Liechtenstein has introduced and applies criminal law measures in the form of non-conviction based confiscation and addresses failure to report suspicious transactions by a person subject to the DDA, where, for justifiable reasons, a ML conviction cannot be secured. However, the sanctions imposed are not sufficiently dissuasive and proportionate. Confiscation of the proceeds of crime is pursued as a policy objective in Liechtenstein and confirmed through a comprehensive legal framework. The outcome of the authorities’ actions, both in terms of assets seized and assets confiscated, is generally in line with the country’s risk profile.
The lack of TF prosecutions in Liechtenstein is in line with the country’s risk profile. Although there was only one prosecution in this respect but this confirmed the competent authorities’ skills and knowledge on how to detect the collection, movement, and use of funds for TF purposes. The initiatives taken in the area of CFT demonstrate a sufficient level of commitment, even in the absence of a specific counter-terrorism strategy.
The non-profit organisations (NPOs) that the experts met “on the spot” showed a good awareness of the risks they face. This was not the case for NPOs operating as associations, as the one organisation the experts met on site was not aware of its obligations in relation to CFT measures and how associations can be misused for TF.
The understanding of ML/TF risks and liabilities in the private sector is now generally good. Banks and large trust and company service providers (TCSPs) have the best understanding of the risks associated with private banking and wealth management and have put in place sophisticated measures to mitigate them. In general, risk mitigation measures are now effectively applied and proportionate to the existing risks, although, until recently, less attention was paid to the identification and confirmation of source of wealth and source of funds and the possible illicit use of “shell” companies.

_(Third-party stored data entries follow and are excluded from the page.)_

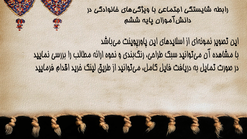 پاورپوینت کامل رابطه شایستگی اجتماعی با ویژگیهای خانوادگی در دانشآموزان پایه ششم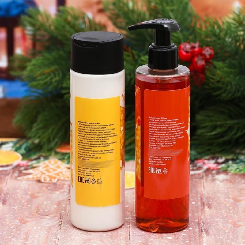 В наборе молочко для тела и гель для душа с ароматом шоколада.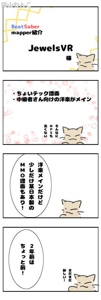 【Mapper紹介】JewelsVR様 スポンサーリンク Mapper紹介 2025.10.01 ※情報は記載当時のものです※ちょいテック譜面のMapper様!(๑•̀ㅂ•́)و✧洋楽メインだけどEx譜面も多いので中級者なりたてさんにもᐠ( ᐛ )ᐟ現在130譜面公開されており、難易度別はこんな感じ。Easy:2 Normal:0 Hard:0 Expert:68 Expert+:62BeatSaverMapper紹介(自薦他薦問わず)の情報はこちらからお願いします! favorite0いいね送信中です×※コメントは最大500文字、5回まで送信できます送信送信中です送信しました!

The authorities are well aware of the risk that legal persons (and legal arrangements) can be used to launder the proceeds of crime. However, they generally have a less detailed and documented knowledge of TF. A number of effective measures are in place to prevent misuse, including the obligation for legal entities (around 80% of legal entities), which are predominantly non-trading and wealth management structures, to appoint a “qualified member” (TCSP) to the governing body. Timely access to basic and BO information on legal entities and legal structures did not cause any difficulties. The basic information held by these sources is generally accurate and up to date. However, there is no evidence that this is the case for BO information.
Compliance with reporting obligations was limited, and fewer tax offences were reported than expected. Many persons subject to the DDA never filed SAR/STRs, e.g. some TCSPs and asset managers and some banks and TCSPs were reported to the Office of the Public Prosecutor for failure to report.
International cooperation is an important part of Liechtenstein’s AML/CFT scheme, given that the predicate offences for ML are predominantly committed abroad. Certain issues relating to the double criminality requirements for tax evasion and the obligation to hear the eligible party before providing evidence to a foreign jurisdiction may have an impact on effective cooperation. In recent years, however, a number of measures have minimised the risks posed by these legal provisions.